Polymer composites containing poly (methyl methacrylate) (PMMA) and barium titanate (BaTiO₃) were synthesized using the solution mixing method. The electrical conductivity of PMMA is 6 × 10⁻⁹ S/cm, and adding 2% fillers reduces to 5 × 10⁻⁹ S/cm. The melting point of PMMA is 373 °C, and adding 2% and 4% fillers increased it to 376 °C and 379 °C, respectively. The polymer chains become less mobile and block macromolecules on the filler surface. The modulus of elasticity and mechanical tensile stress of the polymer composites with a 5-wt% of BaTiO₃ are 759.3 MPa and 75.6 MPa, respectively.
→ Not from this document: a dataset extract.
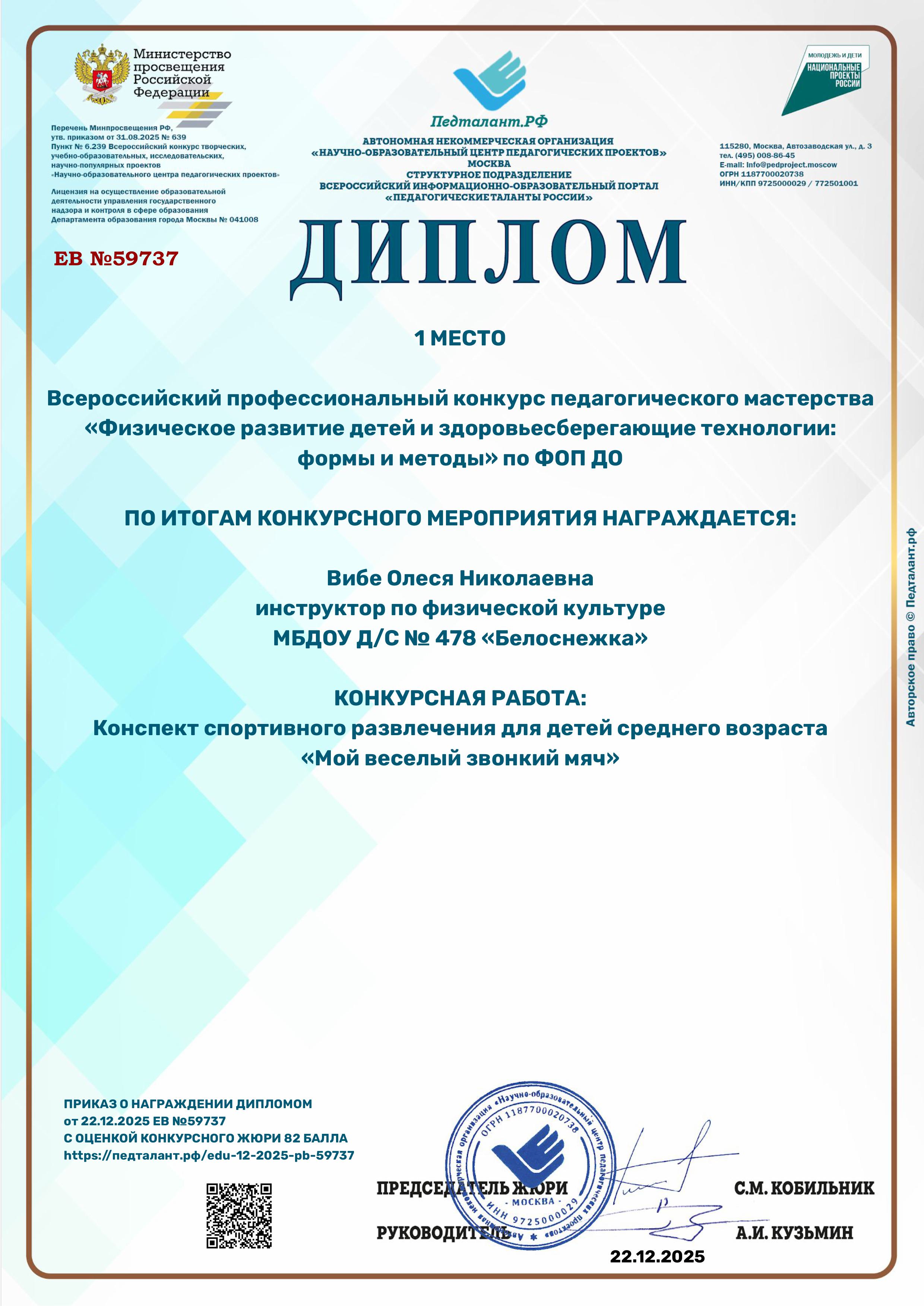 Диплом 1 степени во всероссийском конкурсе "Физическое развитие детей и здоровьесберегающие технологии: формы и методы", 2025 г.

The breakdown strength of PMMA is 203 KV and reduces with the addition of 5% filler to 144 KV. The values of E c/E m evaluated using the Tsai-Pagano, Christensen-Waals, ROM, Mori-Tanaka, and Halpin-Tsai models underpredict the modulus compared to experimental E c/E m values. Fourier spectroscopy confirmed the presence of Ti-O and BaTiO₃ bonds in the polymer composite. Scanning electron microscope images reveal spherical aggregates of BaTiO₃ coated with PMMA and an interparticle network. The dielectric constant of PMMA is 3 and increased with the addition of 2% and 4% fillers to 4 and 4.3, respectively.